# US wants to slow down Afghanistan troop withdrawal



## Donald Polish (Feb 22, 2015)

Washington is considering shifting the deadline for troop its withdrawal from Afghanistan to make sure the “progress” from over 13 years of US operations in the country “sticks,” the new US Defense Secretary said during a surprise visit to Kabul.
_“Our priority now is to make sure this progress sticks,”_ Defense Secretary Ashton Carter said in a news conference in Kabul with Afghan President Ashraf Ghani. _“That is why President Obama is considering a number of options to reinforce our support for President Ghani’s security strategy, including possible changes to the timeline for our drawdown of US troops.”_
Under the current arrangement, the 11,000-strong US force should be cut to roughly 5,000 by the end of 2015, before pulling out altogether the following year, when Obama will leave office. By the end of 2016 the US military presence is expected to shrink to a _“normal”_ embassy security contingent.
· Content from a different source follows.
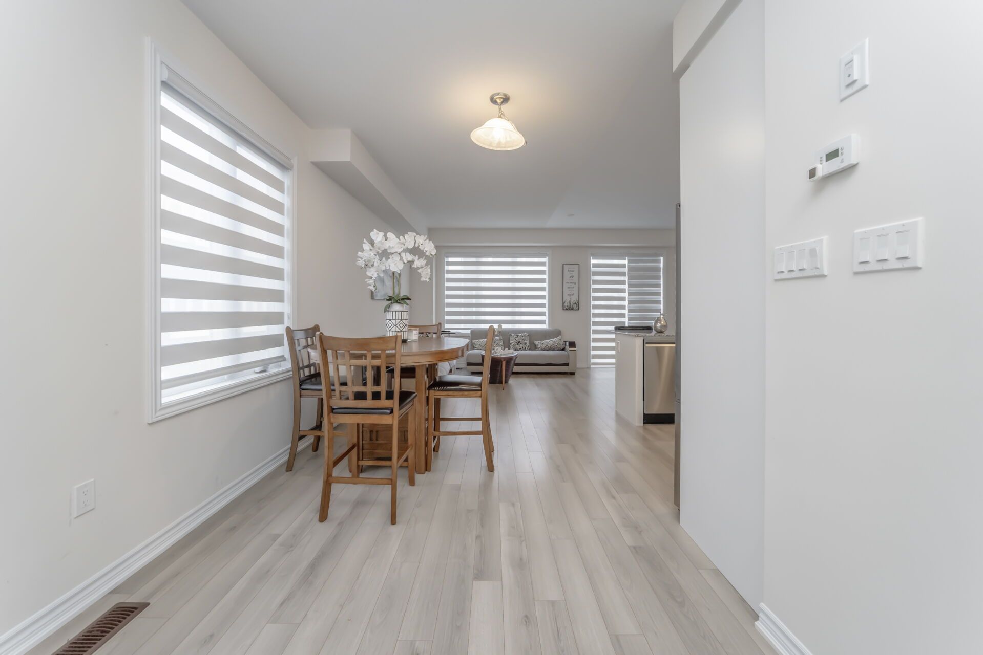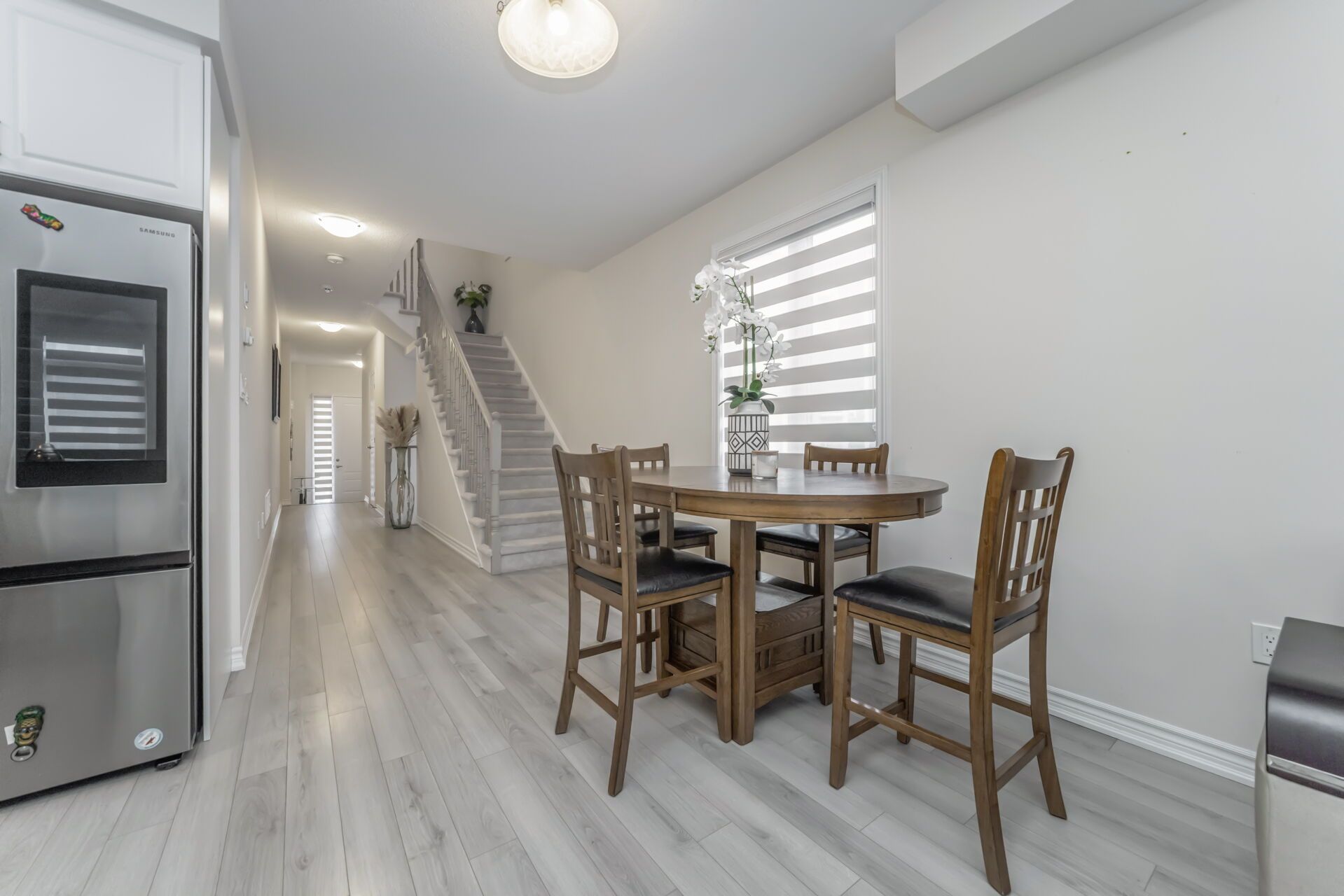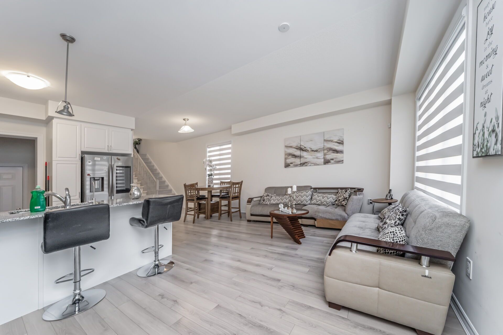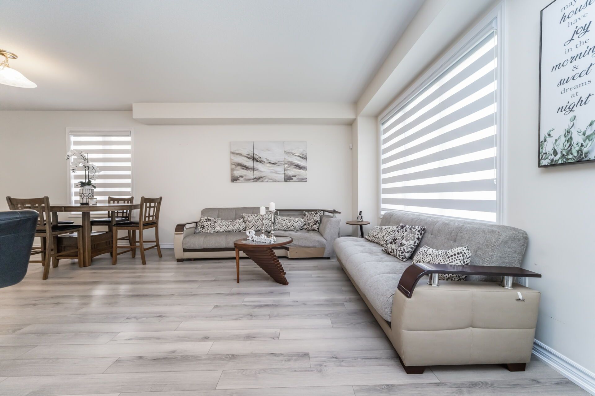 Like a detached end unit modern town home w/4 bedrooms for sale!! 9-foot ceilings on main floor comes with hardwood floors!! Modern kitchen featuring stainless steel appliances, quartz counter tops, and a large island breakfast bar & extra pantry space with organized shelves for convenient storage!! Enjoy the cozy ambiance of a gas fireplace on the main floor, adding warmth and charm to the open-concept living area - perfect for relaxing evenings or entertaining guests!! Master with ensuite bath & walk-in closet!! All other 3 rooms are good size!! No more hauling laundry up and down - the second-floor laundry room adds comfort and convenience to your everyday routine!! Legal separate entrance to the basement provides ease and flexibility for future rental potential!! Spacious basement featuring huge windows that provide excellent daylight and ventilation!! No walkway at front ensures low maintenance and easy snow removal. Enjoy a private, separate individual driveway offering ample parking space and convenience!! Must see!!

We will never leave Afghanistan... I have heard something about "Middle East trap". Do you? There must be reasonable explanations why is it happening? Is Big Game still going on? I seriously doubt that the DRA is a key region there.


----------



## depotoo (Feb 22, 2015)

If it can keep it relatively quiet there, then why not? Otherwise we willl be back under extreme conditions.  In the long run, it is safer for our soldiers to stay there rather than having to start all over again. .  And less likely extremists will manage another attack on the US planned from there with our ears to the ground, so to speak.





Donald Polish said:


> Washington is considering shifting the deadline for troop its withdrawal from Afghanistan to make sure the “progress” from over 13 years of US operations in the country “sticks,” the new US Defense Secretary said during a surprise visit to Kabul.
> _“Our priority now is to make sure this progress sticks,”_ Defense Secretary Ashton Carter said in a news conference in Kabul with Afghan President Ashraf Ghani. _“That is why President Obama is considering a number of options to reinforce our support for President Ghani’s security strategy, including possible changes to the timeline for our drawdown of US troops.”_
> Under the current arrangement, the 11,000-strong US force should be cut to roughly 5,000 by the end of 2015, before pulling out altogether the following year, when Obama will leave office. By the end of 2016 the US military presence is expected to shrink to a _“normal”_ embassy security contingent.
> 
> ...


----------